→ **WHAT IS BEING ASKED**
After finding the line with "シンプルなノーカラーながら、" in the entries below, retype exactly each line from there through the line with "Le restaurant vendait", including that final line.

→ **RECORDS SHOWN**
=== Section Start ===

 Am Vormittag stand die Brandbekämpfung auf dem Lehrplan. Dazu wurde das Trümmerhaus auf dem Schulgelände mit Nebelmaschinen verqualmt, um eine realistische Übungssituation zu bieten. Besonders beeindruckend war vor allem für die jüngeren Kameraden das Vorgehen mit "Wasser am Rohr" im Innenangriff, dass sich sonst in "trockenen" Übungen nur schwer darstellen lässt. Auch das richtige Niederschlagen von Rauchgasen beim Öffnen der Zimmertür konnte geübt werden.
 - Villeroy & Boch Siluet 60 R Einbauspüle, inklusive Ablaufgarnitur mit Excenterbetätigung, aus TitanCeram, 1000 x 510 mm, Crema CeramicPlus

=== Section End ===
=== Section Start ===

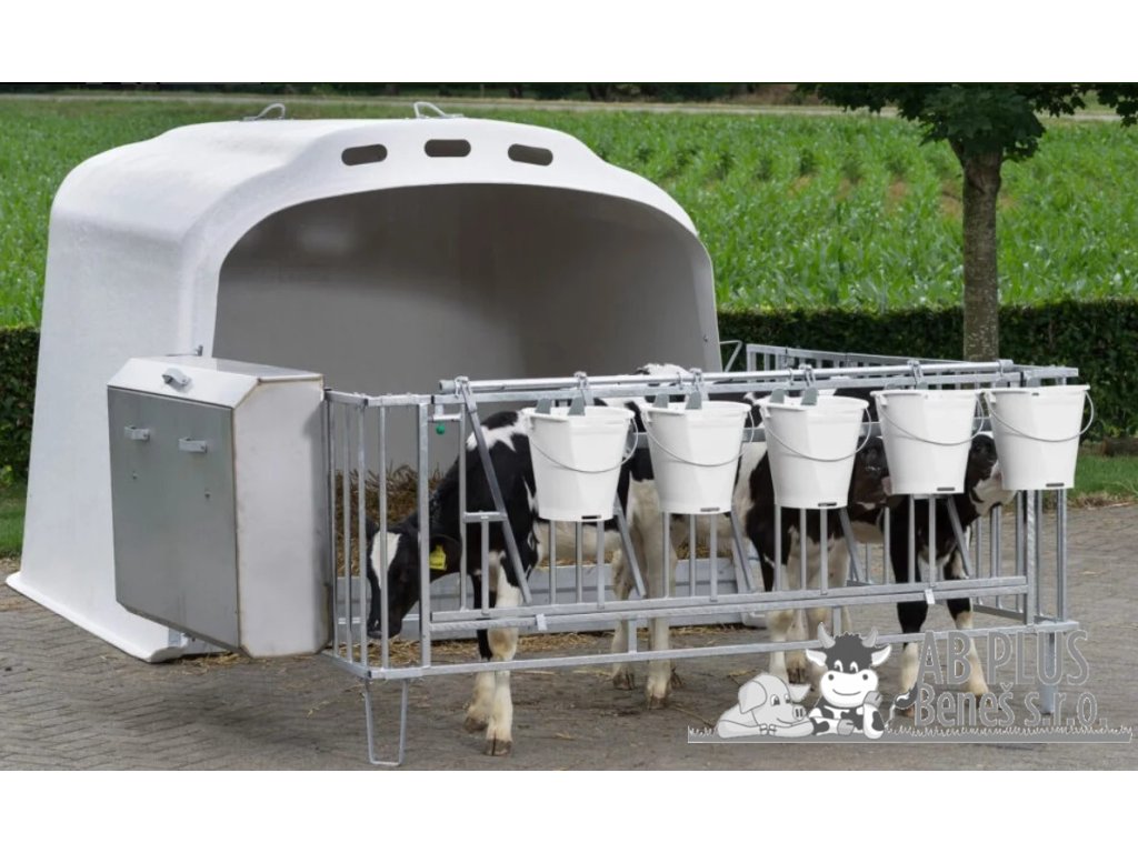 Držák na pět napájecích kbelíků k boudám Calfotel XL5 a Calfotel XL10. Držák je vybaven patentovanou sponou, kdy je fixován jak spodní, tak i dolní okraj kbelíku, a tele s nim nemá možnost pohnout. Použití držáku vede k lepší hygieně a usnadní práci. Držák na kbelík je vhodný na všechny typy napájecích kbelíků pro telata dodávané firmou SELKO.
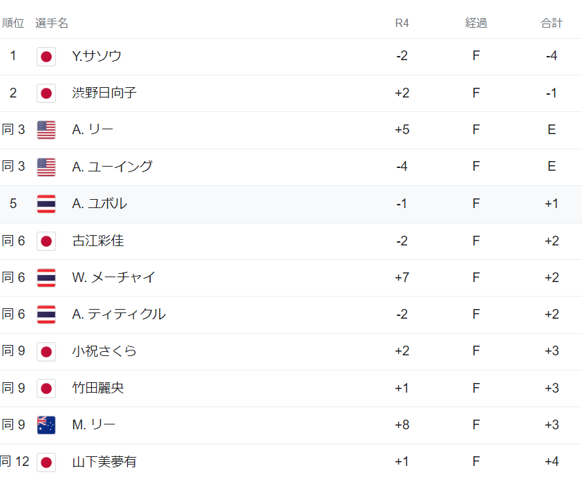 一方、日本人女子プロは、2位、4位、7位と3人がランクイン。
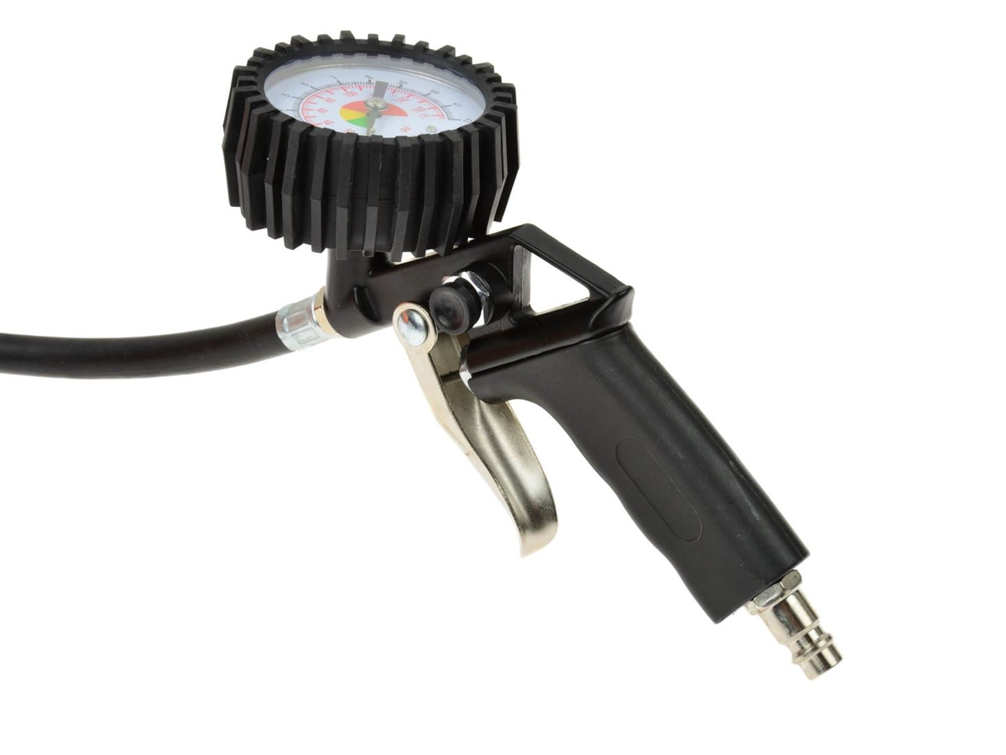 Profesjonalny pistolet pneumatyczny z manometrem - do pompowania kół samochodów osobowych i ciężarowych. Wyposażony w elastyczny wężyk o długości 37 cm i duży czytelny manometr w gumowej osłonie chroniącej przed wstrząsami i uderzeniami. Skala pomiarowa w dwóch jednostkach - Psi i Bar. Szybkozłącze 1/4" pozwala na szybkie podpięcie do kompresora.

=== Section End ===
=== Section Start ===

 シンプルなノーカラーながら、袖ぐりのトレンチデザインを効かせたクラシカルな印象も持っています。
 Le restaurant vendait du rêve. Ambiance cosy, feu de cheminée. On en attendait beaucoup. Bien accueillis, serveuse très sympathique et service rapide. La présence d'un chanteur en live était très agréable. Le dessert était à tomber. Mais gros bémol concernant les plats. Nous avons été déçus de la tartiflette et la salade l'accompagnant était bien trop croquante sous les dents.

=== Section End ===

→ **RESPONSE TO THIS TASK**
 シンプルなノーカラーながら、袖ぐりのトレンチデザインを効かせたクラシカルな印象も持っています。
 Le restaurant vendait du rêve. Ambiance cosy, feu de cheminée. On en attendait beaucoup. Bien accueillis, serveuse très sympathique et service rapide. La présence d'un chanteur en live était très agréable. Le dessert était à tomber. Mais gros bémol concernant les plats. Nous avons été déçus de la tartiflette et la salade l'accompagnant était bien trop croquante sous les dents.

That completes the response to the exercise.